One person has been killed in an attack in Pakistan's Balochistan province, the latest in a spate of attacks against non-Balochi people in the region.
Police said three others were also injured when a group of rice traders from Punjab province were attacked.
An armed separatist group, the Balochistan Liberation United Front (BLUF), has claimed responsibility.
Officials say nearly 40 people have been killed by Baloch separatists in the province since the start of 2009.
The killings are part of a campaign by armed groups to drive non-Balochi people out of the province, according to officials.
The traders had come from Punjab province to sell rice at a weekly market in Quetta, the capital of Balochistan province, police said.
They were shot near the market on Sunday by assailants on two motorbikes.
Six people have been killed since Friday in similar targeted killings, police said.

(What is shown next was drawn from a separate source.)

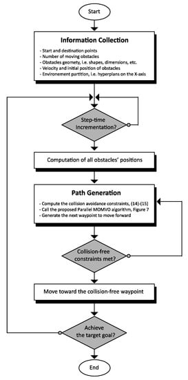 Obstacle collision avoidance is fundamental within any dynamic path planning problem with UAVs. Based on the assumptions that the number, initial positions, and range of velocity of the moving obstacles are known, the proposed UAV path planning strategy consists of determining appropriate collision-free waypoint sequences in 3D environments with moving threats. Allowing for safe navigation from a starting point to a destination station, the designed path planning technique is based on the first step of the collection of the environment’s information, i.e., start and target points, number and dimension of moving obstacles, initial positions of obstacles, etc. As shown in the flowchart of Figure 6, the modeling of the 3D flight environment regarding the workspace partition, UAV dynamic constraints, and the geometry of moving obstacles should be investigated. At each increment of the computation time, the generation of collision-free waypoints is then performed using the proposed parallel processing PMOMVO planner (see the corresponding Algorithm 2 and the flowchart of Figure 6). Such an improved PMOMVO algorithm, associated with a TOPSIS type of multicriteria decision-making approach, aims to increase the performance of the dynamic planner in terms of computation time and trapping avoidance in local minima. A geometric technique to formulate moving obstacle avoidance is proposed based on the intersection of the segments connecting the generated waypoints with any obstacle assumed to be circumscribed in a 3D sphere with known centers and radii, as illustrated in Figure 4 and Figure 5. The generated collision-free waypoints are then targeted by the UAV drone while respecting the defined dynamic constraints, i.e., steering angles, straightness limitation, and narrow passage constraints, as shown in Figure 3, Figure 4 and Figure 5.
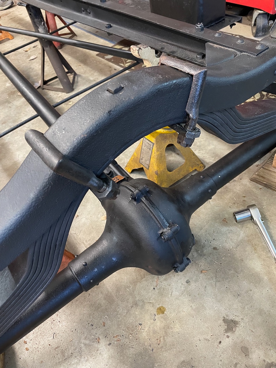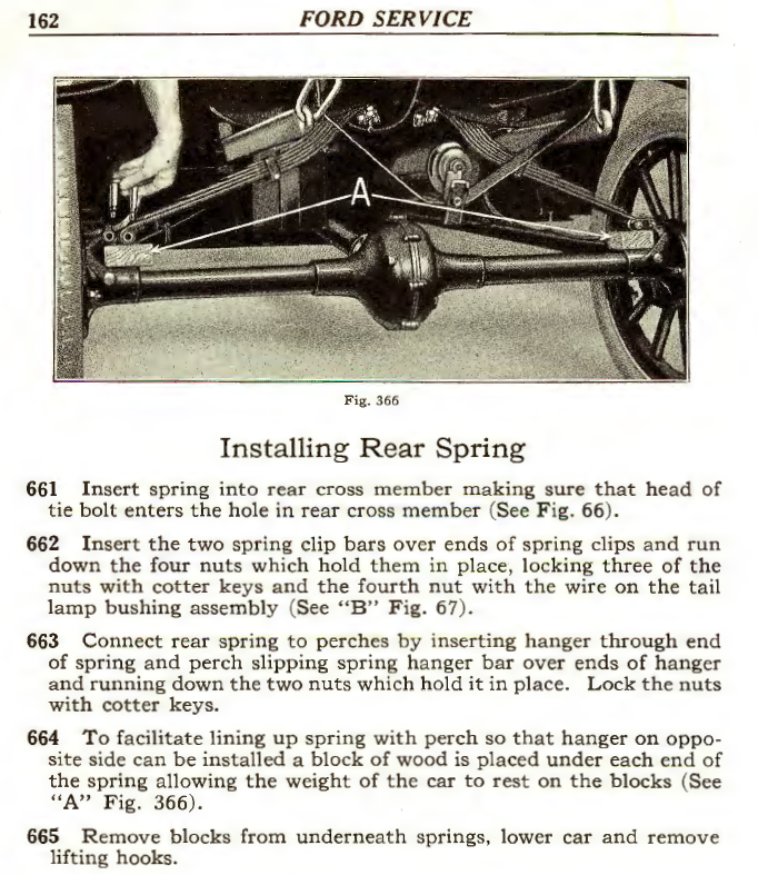 Works easiest with some weight on the chassis. Body on is easiest, even someone sitting in the back seat or in the turtle back some weight. Put wood block under one end and install the shackle. Then another block under the other end of the spring to install the shackle. When you get the shackles in and tight, then take the wood out and let the spring find it's own position. Hardest to install without any weight on the rear spring.

After Sunday's attack, police arrested dozens of suspects in overnight raids.
'Political autonomy'
Balochistan accounts for nearly 40% of the country's area but it has less than 10% of its population.
The province is rich in natural resources but has almost no representation in the central bureaucracy or the army, the two groups that have for the most part ruled Pakistan, says the BBC's Ilyas Khan in Islamabad.
As a result, Balochistan remains a province steeped in poverty and with an undeveloped infrastructure, our correspondent says.
Since 2001, armed groups have been conducting a violent campaign to prevent the army from setting up garrisons in the province and to discourage major development projects that they believe would benefit businesses and workers in other provinces.
They have been demanding political autonomy and greater provincial control over their natural resources.
Hundreds of Baloch political activists have been detained in "undeclared custody" and activists claim that a number have been tortured and killed.
Officials say the targeted killings are part of a strategy on the part of these groups to drive non-Balochi settlers out of the province and to discourage people of other provinces from taking up jobs or setting up businesses in Balochistan.
Initially, it was mainly Punjabi's - Pakistan's biggest ethnic group - who were targeted.
But in recent months armed separatists have also targeted ethnic Sindhis and Pashtuns from the North West Frontier Province, police say.